== What to work on ==
Omit the pictures and reproduce the rest of the listing exactly.

== Given records ==
+ + + +

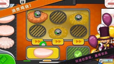 给鸡肉涂上各种面包屑和面糊选项,然后将鸡肉放入油炸锅中烹饪至完美!Papa Louie需要在竞争中获得优势,所以随着时间的推移,他可能会开始引入除鸡肉以外的其他食物来炸!
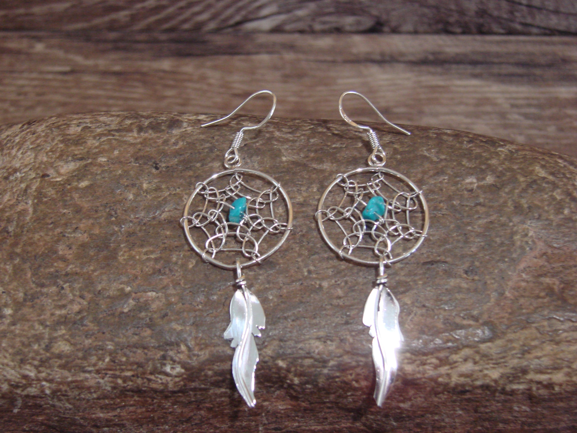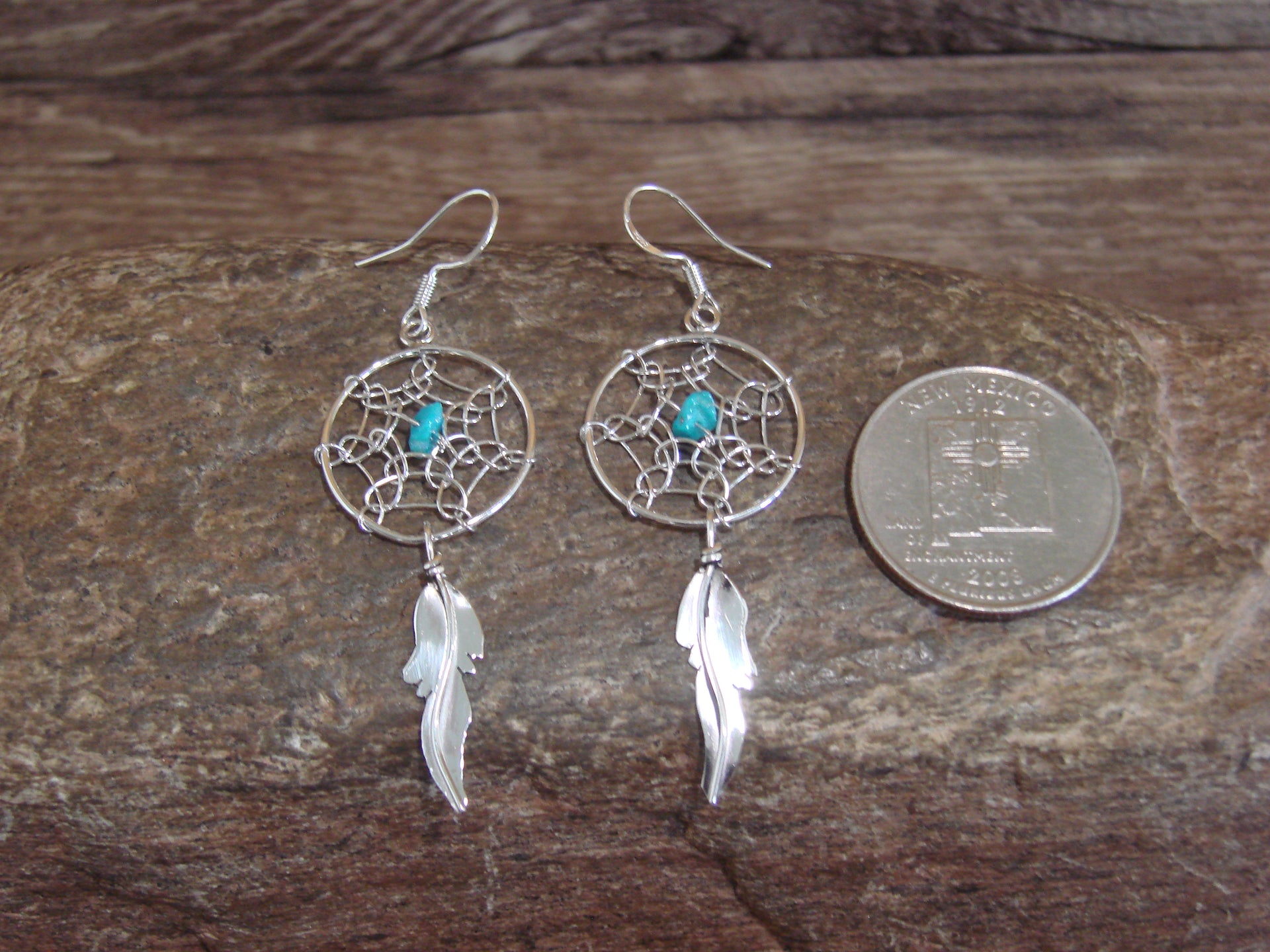 - Native American Sterling Silver & Turquoise Dream Catcher Dangle Earrings - Arviso
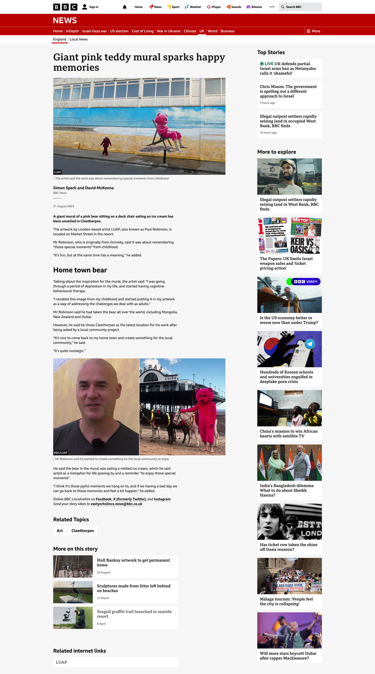 An article and interview on LUAP on the BBC An article and interview on LUAP on the BBC Read the article here More Press Pink Bear Mural Share Pinterest Twitter Facebook View 'The Pink Bear' project
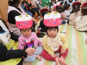 元気良く「おにのパンツ」の歌を歌ったり、本番(笑)に向けて「おには、そとー」と練習をしましたよ![]()
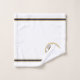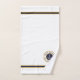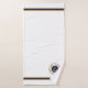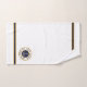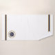 Capitão personalizado com o seu nome e nome do barco com o toalha de logotipo da âncora náutica. Simulação do círculo clássico com campos de ancoragem e texto em azul-marinho, branco e ouro sobre fundo branco. Marinho azul e borda listrada dourada no topo e no fundo.
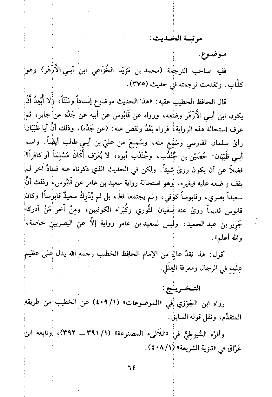 قال الحافظ الخطيب عقبه: "هذا الحديث موضوع إسنادًا ومَتْنًا، ولا أُبْعِدُ أَنْ يكون ابن أبي الأَزْهَر وضعه، ورواه عن قَابُوس عن أبيه عن جَدِّه عن جابر، ثم عرف استحالة هذه الرواية، فرواه بَعْدُ ونقص عنه: (عن جَدِّه)، وذلك أنَّ أبا ظَبْيَان رأى سلمان الفارسي وسَمِع منه، وسَمِعَ من عليّ بن أبي طالب أيضًا. واسم أبي ظَبْيَان: حُصَيْن بن جُنْدُب، وجُنْدُب أبوه، لا يُعْرَف أَكَانَ مُسْلِمًا أو كافرًا؟ فضلًا عن أن يكون روى شيئًا. ولكن في الحديث الذي ذكرناه عنه فسادٌ آخر لم يقف واضعه عليه فيغيره، وهو استحالة رواية سعيد بن عامر عن قَابُوس، وذلك أنَّ سعيدًا بصري، وقابوسًا كوفي، ولم يجتمعا قطّ، بل لم يُدْرِكْ سعيدٌ قابوسًا! وكان قابوس قديمًا روى عنه سفيان الثَّوْري وكُبَراء الكوفيين، ومِنْ آخر مَنْ أدركهـ جَرير بن عبد الحميد، وليس لسعيد بن عامر رواية إلَّا عن البصريين خاصة، واللَّه أعلم".
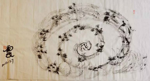 这幅在练字时由于被挠痒而产生的作品引起了大家的围观。
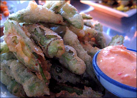 ... was dotted with capers and draped with Orca sized golden raisins. It was mildly seasoned and would have been even better amped up with some hot pepper, (but it was still good.) Tempura battered okra ($8.00):
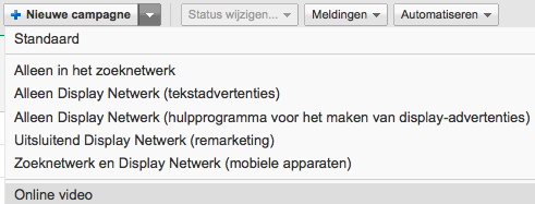 Om een nieuwe videocampagne te maken klik je, op campagneniveau, op het pijltje naast de button “Nieuwe campagne”. In het vervolgmenu kies je voor “Online video”.
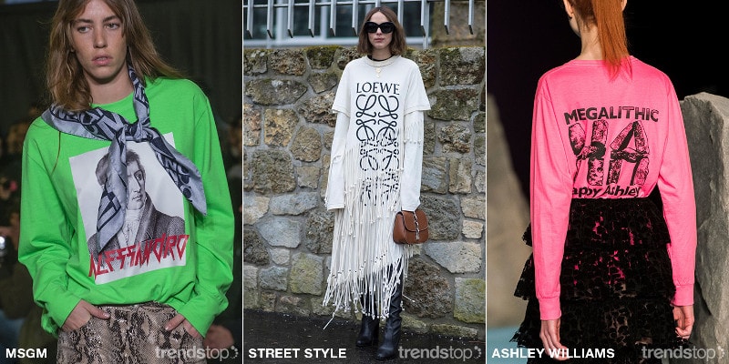 Grafische Embleme, gestickte Logos und gedruckte, fotorealistische Übertragungen schmücken langärmlige Silhouetten in Designs, die den Jugendmarkt direkt ansprechen. Geräumige Formen eignen sich vom leichten T-Shirt bis hin zu kuscheligen Sweatshirts und langen Kleidern für einen wetterfesten, saisonübergreifenden Anspruch.
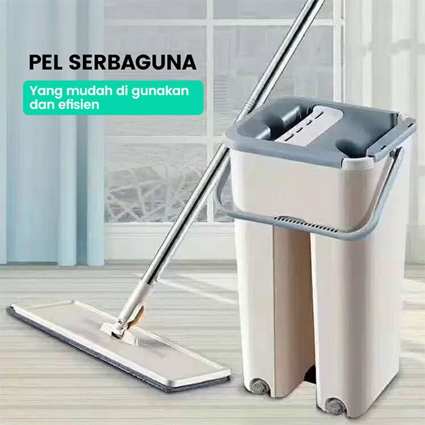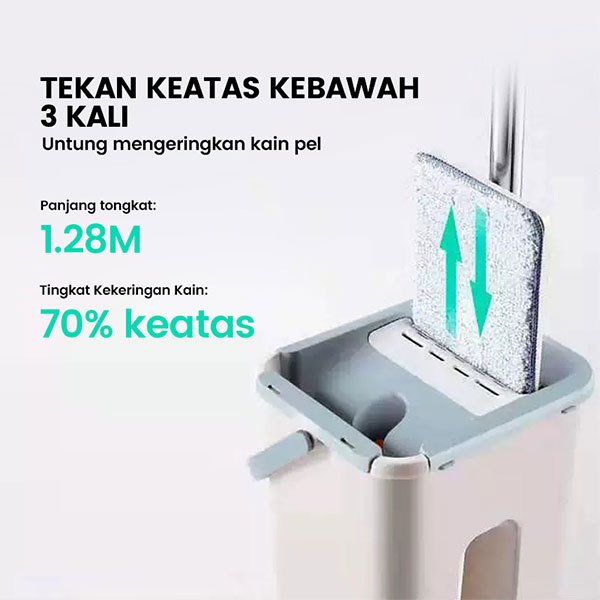 Alat Pel Set FREE REFILL PEL Pembersih Lantai Magic Mop Flat With Bucket Alat Pembersih Tanpa Bilas Tangan Alat Pel Lant
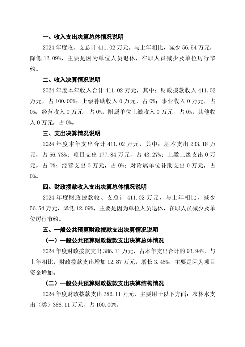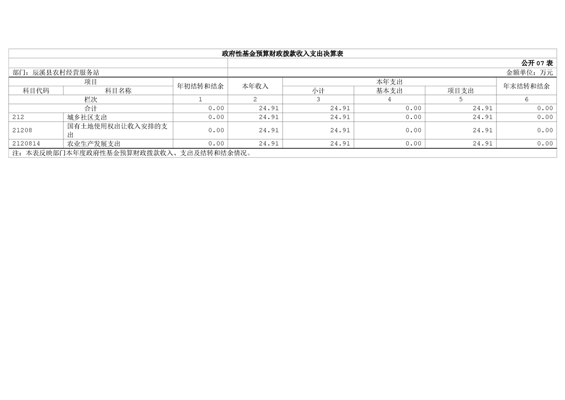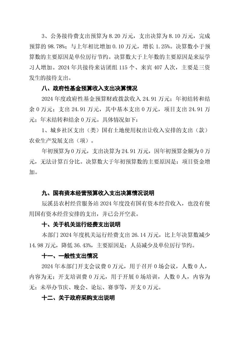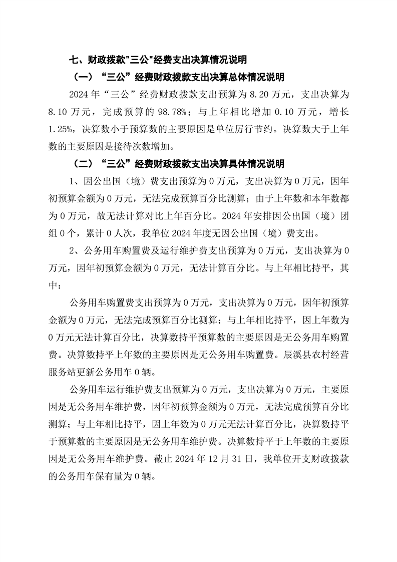 辰溪縣農村經營服務站2024年部門決算公開說明
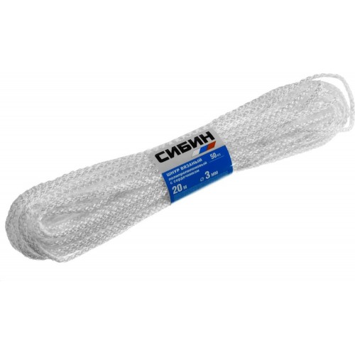 СИБИН 20 м, 3 мм, шнур вязаный полипропиленовый с сердечником 50253
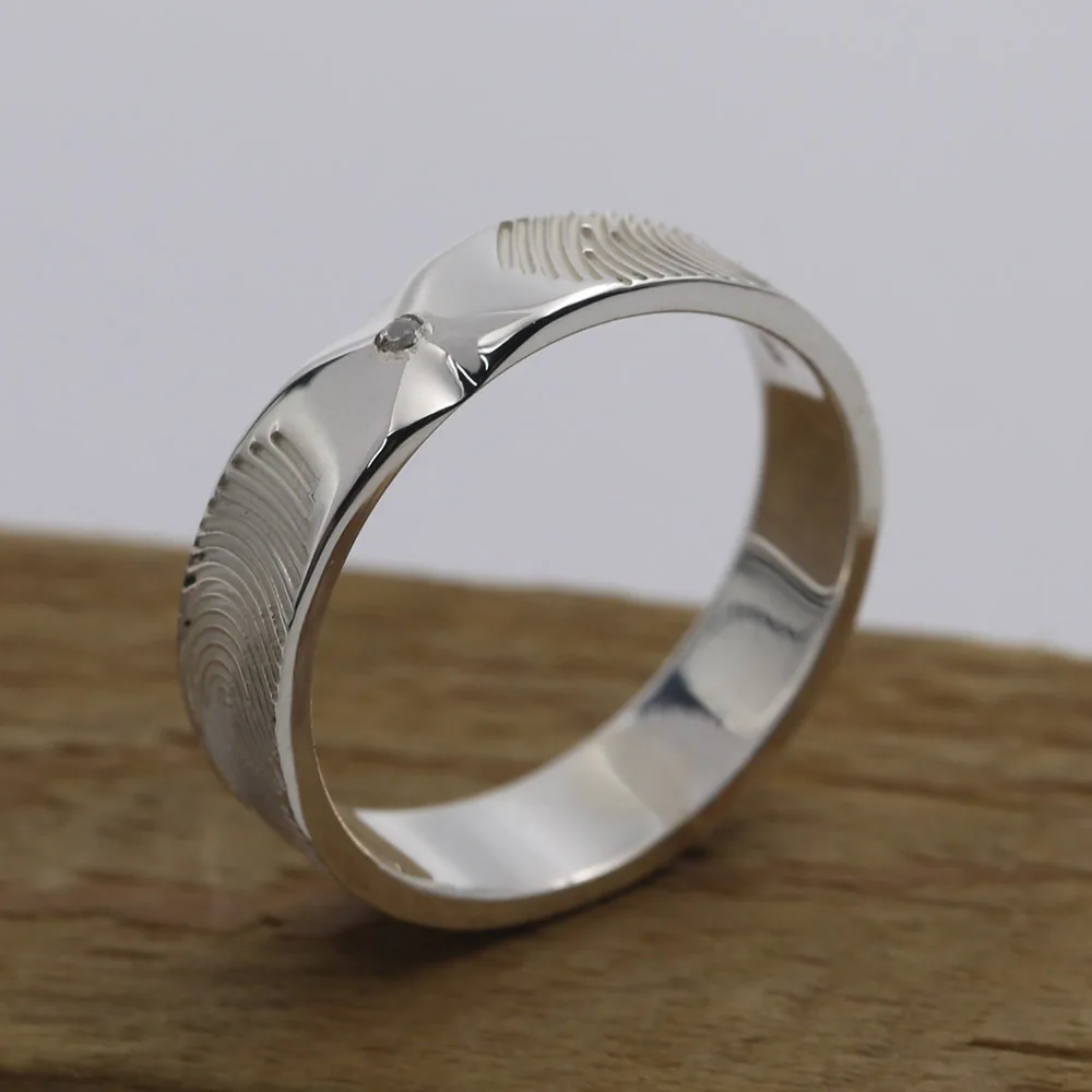 925 серебро на заказ пара отпечатков пальцев кольцо набор Engraves свадебный браслет с камнем рождения персонализированные ювелирные изделия памяти

+ + + +

== Exercise output ==
 给鸡肉涂上各种面包屑和面糊选项,然后将鸡肉放入油炸锅中烹饪至完美!Papa Louie需要在竞争中获得优势,所以随着时间的推移,他可能会开始引入除鸡肉以外的其他食物来炸!
 - Native American Sterling Silver & Turquoise Dream Catcher Dangle Earrings - Arviso
 An article and interview on LUAP on the BBC An article and interview on LUAP on the BBC Read the article here More Press Pink Bear Mural Share Pinterest Twitter Facebook View 'The Pink Bear' project
 元気良く「おにのパンツ」の歌を歌ったり、本番(笑)に向けて「おには、そとー」と練習をしましたよ![]()
 Capitão personalizado com o seu nome e nome do barco com o toalha de logotipo da âncora náutica. Simulação do círculo clássico com campos de ancoragem e texto em azul-marinho, branco e ouro sobre fundo branco. Marinho azul e borda listrada dourada no topo e no fundo.
 قال الحافظ الخطيب عقبه: "هذا الحديث موضوع إسنادًا ومَتْنًا، ولا أُبْعِدُ أَنْ يكون ابن أبي الأَزْهَر وضعه، ورواه عن قَابُوس عن أبيه عن جَدِّه عن جابر، ثم عرف استحالة هذه الرواية، فرواه بَعْدُ ونقص عنه: (عن جَدِّه)، وذلك أنَّ أبا ظَبْيَان رأى سلمان الفارسي وسَمِع منه، وسَمِعَ من عليّ بن أبي طالب أيضًا. واسم أبي ظَبْيَان: حُصَيْن بن جُنْدُب، وجُنْدُب أبوه، لا يُعْرَف أَكَانَ مُسْلِمًا أو كافرًا؟ فضلًا عن أن يكون روى شيئًا. ولكن في الحديث الذي ذكرناه عنه فسادٌ آخر لم يقف واضعه عليه فيغيره، وهو استحالة رواية سعيد بن عامر عن قَابُوس، وذلك أنَّ سعيدًا بصري، وقابوسًا كوفي، ولم يجتمعا قطّ، بل لم يُدْرِكْ سعيدٌ قابوسًا! وكان قابوس قديمًا روى عنه سفيان الثَّوْري وكُبَراء الكوفيين، ومِنْ آخر مَنْ أدركهـ جَرير بن عبد الحميد، وليس لسعيد بن عامر رواية إلَّا عن البصريين خاصة، واللَّه أعلم".
 这幅在练字时由于被挠痒而产生的作品引起了大家的围观。
 ... was dotted with capers and draped with Orca sized golden raisins. It was mildly seasoned and would have been even better amped up with some hot pepper, (but it was still good.) Tempura battered okra ($8.00):
 Om een nieuwe videocampagne te maken klik je, op campagneniveau, op het pijltje naast de button “Nieuwe campagne”. In het vervolgmenu kies je voor “Online video”.
 Grafische Embleme, gestickte Logos und gedruckte, fotorealistische Übertragungen schmücken langärmlige Silhouetten in Designs, die den Jugendmarkt direkt ansprechen. Geräumige Formen eignen sich vom leichten T-Shirt bis hin zu kuscheligen Sweatshirts und langen Kleidern für einen wetterfesten, saisonübergreifenden Anspruch.
 Alat Pel Set FREE REFILL PEL Pembersih Lantai Magic Mop Flat With Bucket Alat Pembersih Tanpa Bilas Tangan Alat Pel Lant
 辰溪縣農村經營服務站2024年部門決算公開說明
 СИБИН 20 м, 3 мм, шнур вязаный полипропиленовый с сердечником 50253
 925 серебро на заказ пара отпечатков пальцев кольцо набор Engraves свадебный браслет с камнем рождения персонализированные ювелирные изделия памяти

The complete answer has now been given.